HBV infects over 257 million people worldwide and is associated with the development of hepatocellular carcinoma (HCC). Integration of HBV DNA into the host genome is likely a key driver of HCC oncogenesis. Here, we utilise targeted long-read sequencing to determine the structure of HBV DNA integrations as well as full isoform information of HBV mRNA with more accurate quantification than traditional next generation sequencing platforms.

DNA and RNA were isolated from fresh frozen liver biopsies collected within the GS-US-174-0149 clinical trial. A pan-genotypic panel of biotinylated oligos was developed to enrich for HBV sequences from sheared genomic DNA (∼7 kb) and full-length cDNA libraries from poly-adenylated RNA. Samples were sequenced on the PacBio long-read platform and analysed using a custom bioinformatic pipeline.
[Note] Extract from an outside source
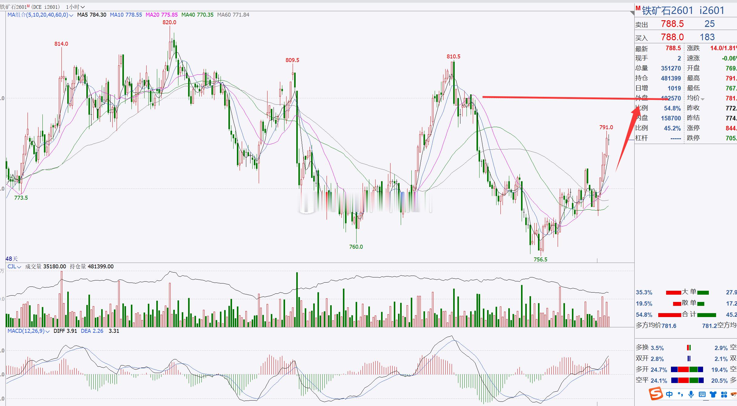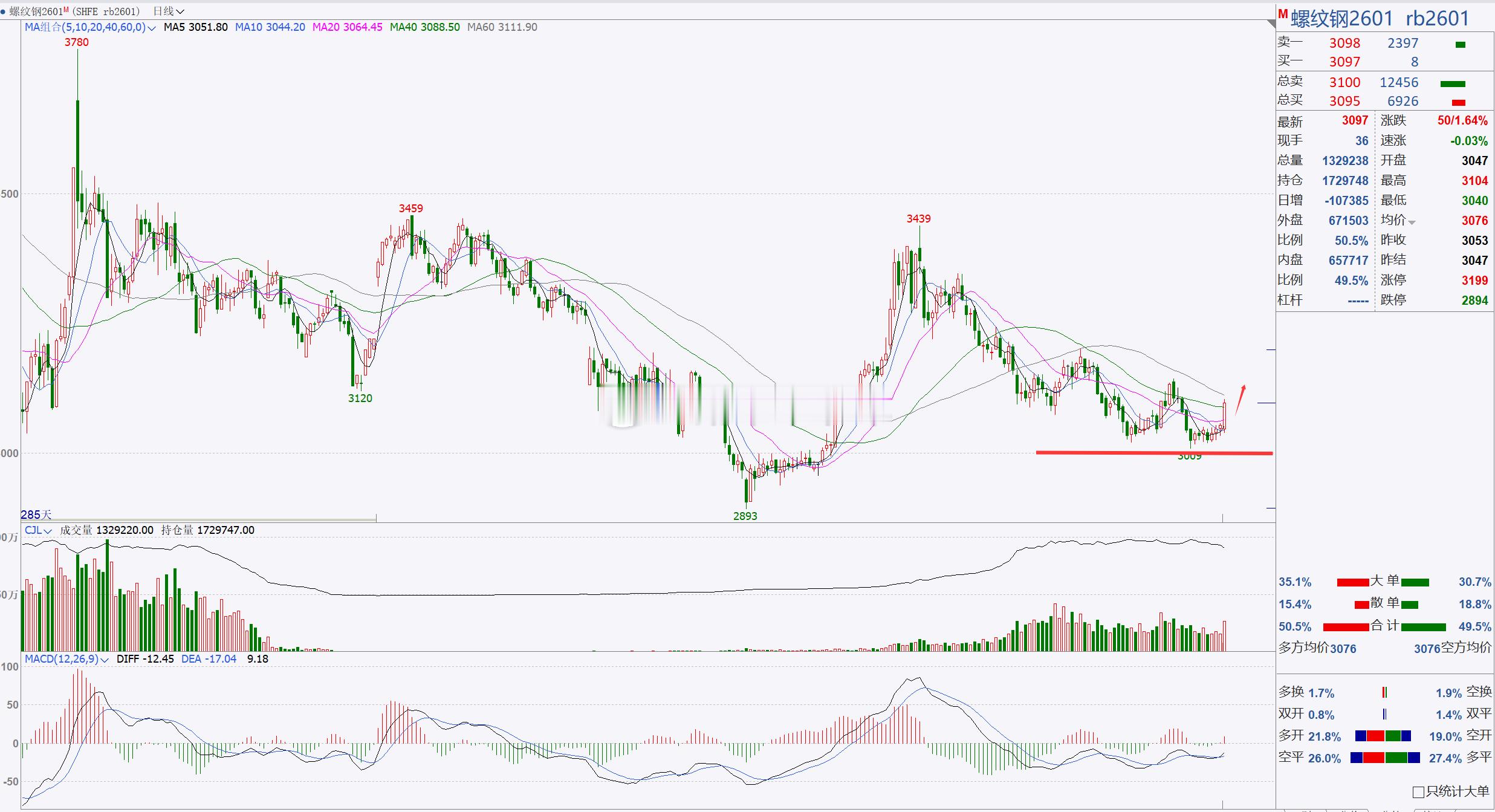 1、【焦煤2601】焦煤关注1200一带,短线跟进!焦煤上周跌破1200一带后,目前伴随着短期反弹调整,行情又重回1200一带,后市我们重点关注此位置,企稳可短线跟进,看短期反弹调整;稳健者建议先观望;例如多关注1200—1190附近,上方先关注1245—1255附近;空关注1245—1255附近再择机考虑介入;(建议仅供参考,具体操作以开盘点位实时跟进,据此操作风险自担)2、【螺纹2601】螺纹短线跟进!螺纹前夕回踩调整,但是行情未能跌破3000一带,目前还伴随着反弹调整,后市我们短线跟进,依旧还是重点关注3000一带;例如多关注3065—3050附近,上方先关注3140—3150附近;空关注3150突破情况再择机考虑介入;(建议仅供参考,具体操作以开盘点位实时跟进,据此操作风险自担)3、【铁矿石2601】铁矿石短线跟进,可先关注800一带!铁矿石日内反弹调整,目前来看铁矿石未能750一带,后市预期会伴随短期反弹调整,建议短线跟进;例如多关注778—775附近,上方先关注800附近,突破再关注810附近;空关注800、810这两个位置再择机考虑介入;(建议仅供参考,具体操作以开盘点位实时跟进,据此操作风险自担)

HBV-targeted long-read DNA sequencing generated high coverage data spanning entire integrations. Strikingly, in 13 of 42 samples (31%) we were able to detect HBV sequences flanked by 2 different chromosomes, indicating a chromosomal translocation associated with HBV integration. Chromosomal translocations were unique to each biopsy sample, suggesting that each originated randomly, and in some cases had evidence of clonal expansion. Using targeted long-read RNA sequencing, we determined that upwards of 95% of all HBV transcripts in patients who are HBeAg-positive originate from cccDNA. In contrast, patients who are HBeAg-negative expressed mostly HBsAg from integrations.
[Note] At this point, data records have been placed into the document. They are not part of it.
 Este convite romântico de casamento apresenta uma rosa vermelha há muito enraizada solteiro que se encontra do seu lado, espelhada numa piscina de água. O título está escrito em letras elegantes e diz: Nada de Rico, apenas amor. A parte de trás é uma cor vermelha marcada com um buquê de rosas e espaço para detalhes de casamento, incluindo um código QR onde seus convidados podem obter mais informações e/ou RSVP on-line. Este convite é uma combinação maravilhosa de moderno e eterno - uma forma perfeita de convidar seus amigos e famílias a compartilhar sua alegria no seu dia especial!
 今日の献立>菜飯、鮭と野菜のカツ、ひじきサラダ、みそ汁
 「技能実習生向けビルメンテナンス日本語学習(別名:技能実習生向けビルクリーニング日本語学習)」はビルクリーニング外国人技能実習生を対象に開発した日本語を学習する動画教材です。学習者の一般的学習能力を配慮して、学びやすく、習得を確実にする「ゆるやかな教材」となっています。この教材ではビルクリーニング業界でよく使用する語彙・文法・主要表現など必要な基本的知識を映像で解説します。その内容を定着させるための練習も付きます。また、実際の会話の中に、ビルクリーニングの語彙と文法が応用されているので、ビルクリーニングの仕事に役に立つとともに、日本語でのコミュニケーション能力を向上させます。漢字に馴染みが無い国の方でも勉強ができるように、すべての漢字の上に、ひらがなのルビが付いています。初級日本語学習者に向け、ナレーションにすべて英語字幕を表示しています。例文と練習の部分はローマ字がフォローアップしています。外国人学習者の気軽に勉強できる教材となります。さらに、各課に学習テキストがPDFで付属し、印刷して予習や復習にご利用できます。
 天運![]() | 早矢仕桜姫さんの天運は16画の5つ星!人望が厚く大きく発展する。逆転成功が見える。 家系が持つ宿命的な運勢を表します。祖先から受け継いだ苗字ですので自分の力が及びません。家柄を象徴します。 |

Targeted lso-Seq allowed for accurate quantitation of the HBV transcriptome and assignment of transcripts to either cccDNA or integration origins. The existence of multiple unique HBV-associated inter-chromosomal translocations in non-HCC CHB patient liver biopsies suggests a novel mechanism with mutagenic potential that may contribute to progression to HCC.
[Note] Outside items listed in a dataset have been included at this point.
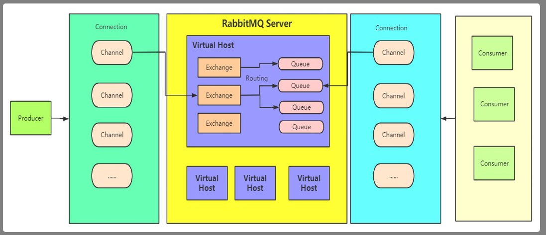 RabbitMQ出于服务器复用的想法,可以在一个RabbitMQ集群中划分出多个虚拟主机,每一个虚拟主机都有AMQP的全套基础组件,并且可以针对每个虚拟主机进行权限以及数据分配,并且不同虚拟主机之间是完全隔离的。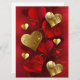 Vertical composition of red and gold, textured valentines made of foil and brocade on red background. Valentines day decorations.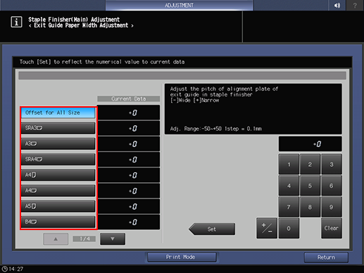 Objects of Adjustment: Offset for All Size, SRA3 short edge feed, A3 short edge feed, SRA4 short edge feed, A4 long edge feed, A4 short edge feed, A5 long edge feed, B4 short edge feed, B5 long edge feed, 8K short edge feed, 16K long edge feed, 12 18 short edge feed, 11 17 short edge feed, 9 11 long edge feed, 8.5 11 long edge feed, 8.5 11 short edge feed, 8.5 14 short edge feed, 8 13 short edge feed, 13 19 short edge feed, B5 short edge feed, A6 short edge feed / Postcard, SRA4 long edge feed, B6 short edge feed, 16K short edge feed, Custom(380~488 mm), Custom(220~379 mm), Custom(139~219 mm)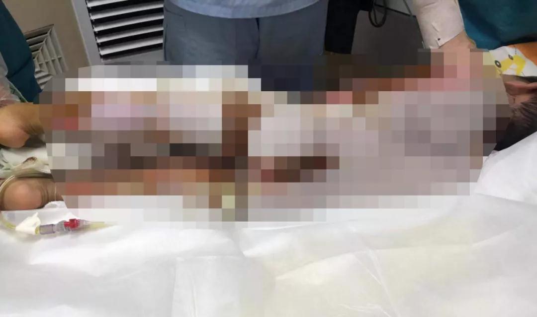 10月7日半夜,一阵阵孩子撕心裂肺的哭声响彻医院大厅,强强(化名)被紧急送进急诊科,当时,强强已经处于休克状态。根据家长讲述,孩子是不小心掉到了煮拉面锅里的。烧伤科主任康生军介绍,强强送到医院时,情况非常危险,烫伤面积达60%,属特重度烫伤。对于这么小的孩子来讲,相当于全身重度烫伤,其中深II度烫伤面积达40%,浅II度烫伤面积达20%。小小的身子,除了头部几乎全部烫伤。接诊后,医院立即进行一系列紧急救治,包括清理创面、吸氧、建立静脉通路、补液、纠正休克及离子紊乱、抗炎对症治疗等。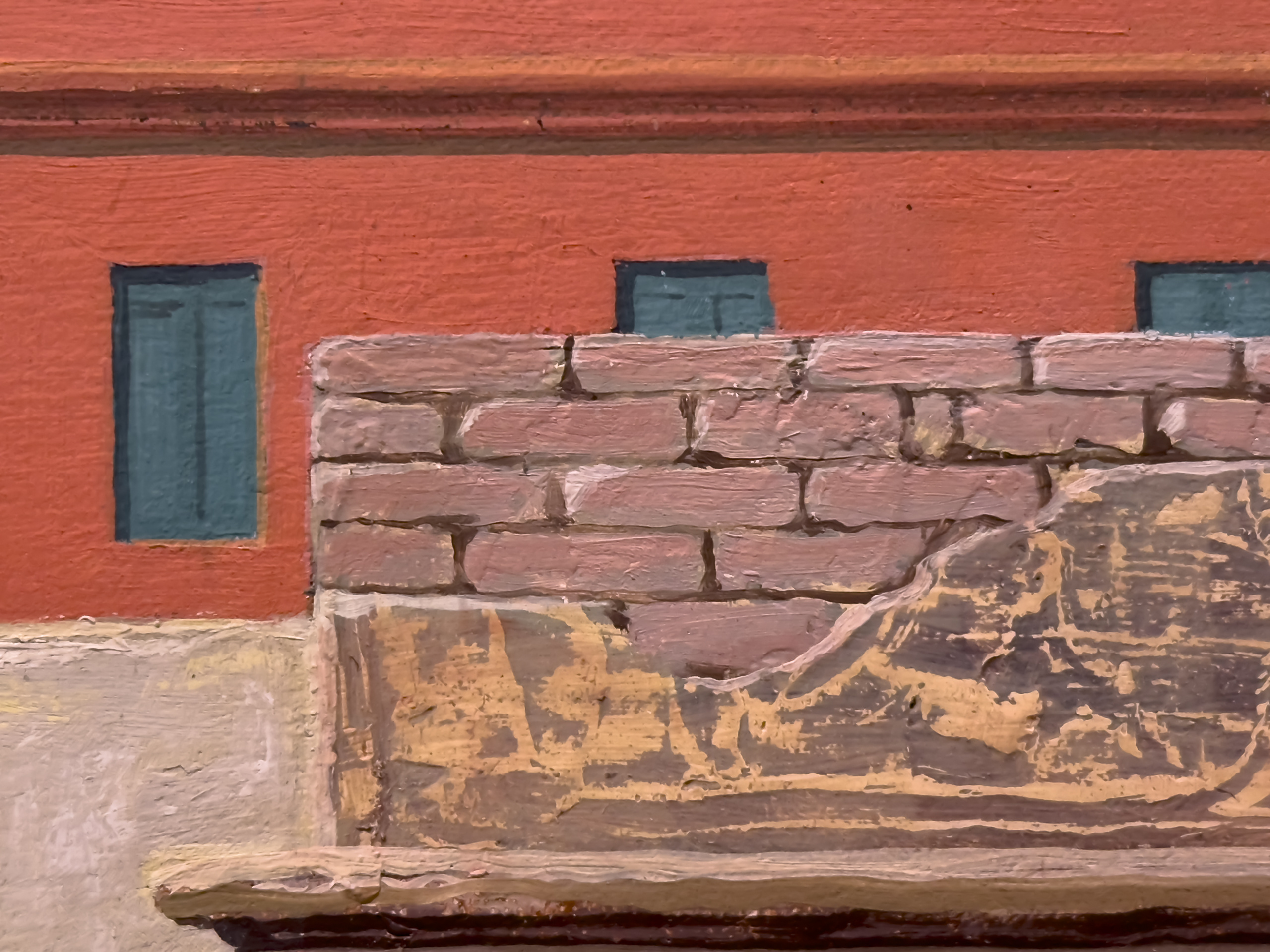 Detail from a painting that includes an orange wall in the backgruond and a brick wall in the foreground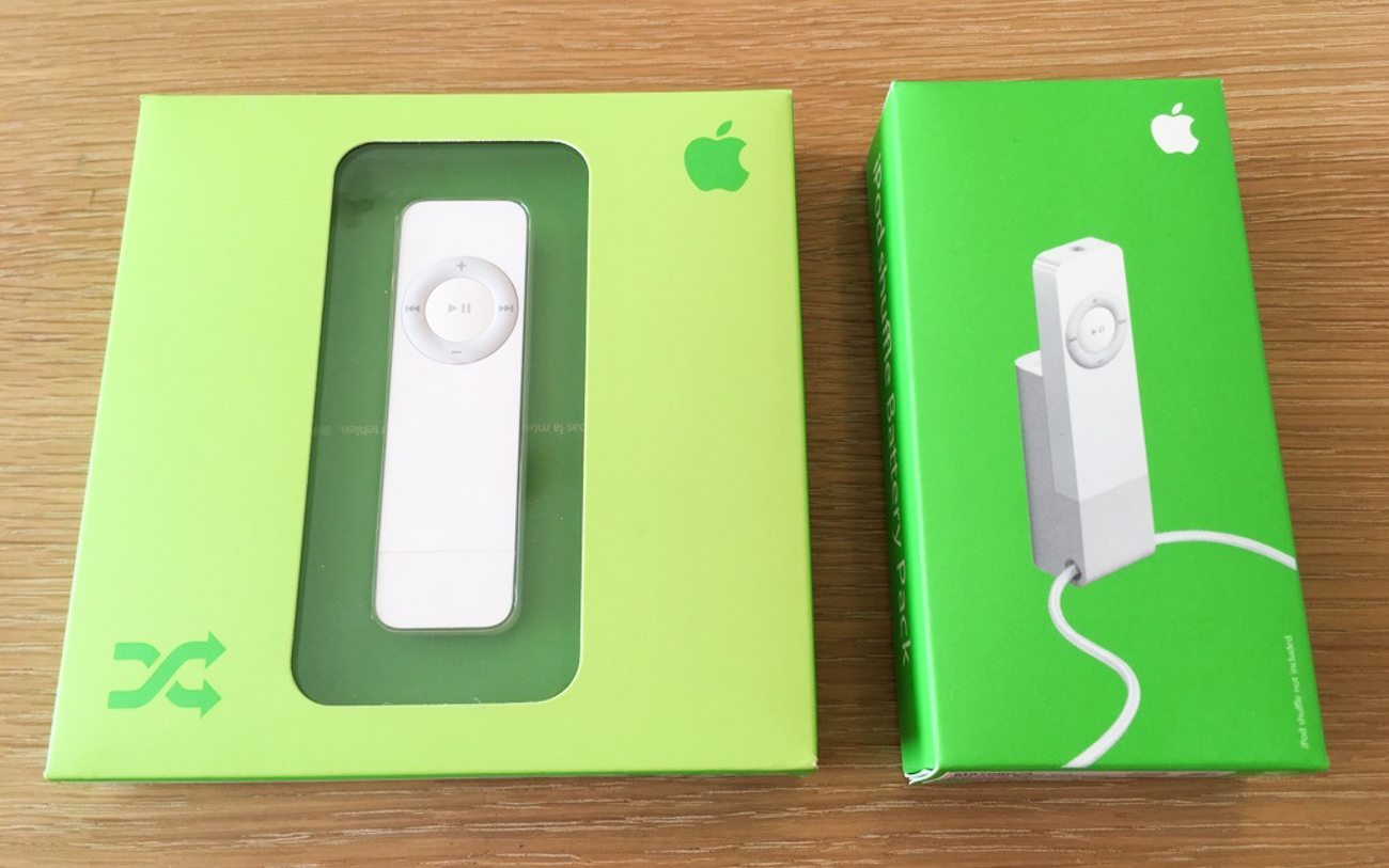 但初代 iPod shuffle 是一个另类,由于它采用的是 USB 接口,所以底座也是单独制作的,你别说,这个方方正正的底座还挺好看的。

Fresh frozen liver biopsies from patients infected with HBV were subjected to targeted long-read RNA and DNA sequencing. Long-read RNA sequencing captures entire HBV transcripts in a single read, allowing for resolution of overlapping transcripts from the HBV genome. This resolution allowed us to quantify the burden of transcription from integrations vs. cccDNA origin in individual patients. Patients who were HBeAg-positive had a significantly larger fraction of the HBV transcriptome originating from cccDNA compared with those who were HBeAg-negative. Long-read DNA sequencing captured entire integrated HBV sequences including multiple kilobases of flanking host sequence within single reads. This resolution allowed us to describe integration events flanked by 2 different host chromosomes, indicating that integrated HBV DNA are associated with inter-chromosomal translocations. This may lead to significant transcriptional dysregulation and drive progression to HCC.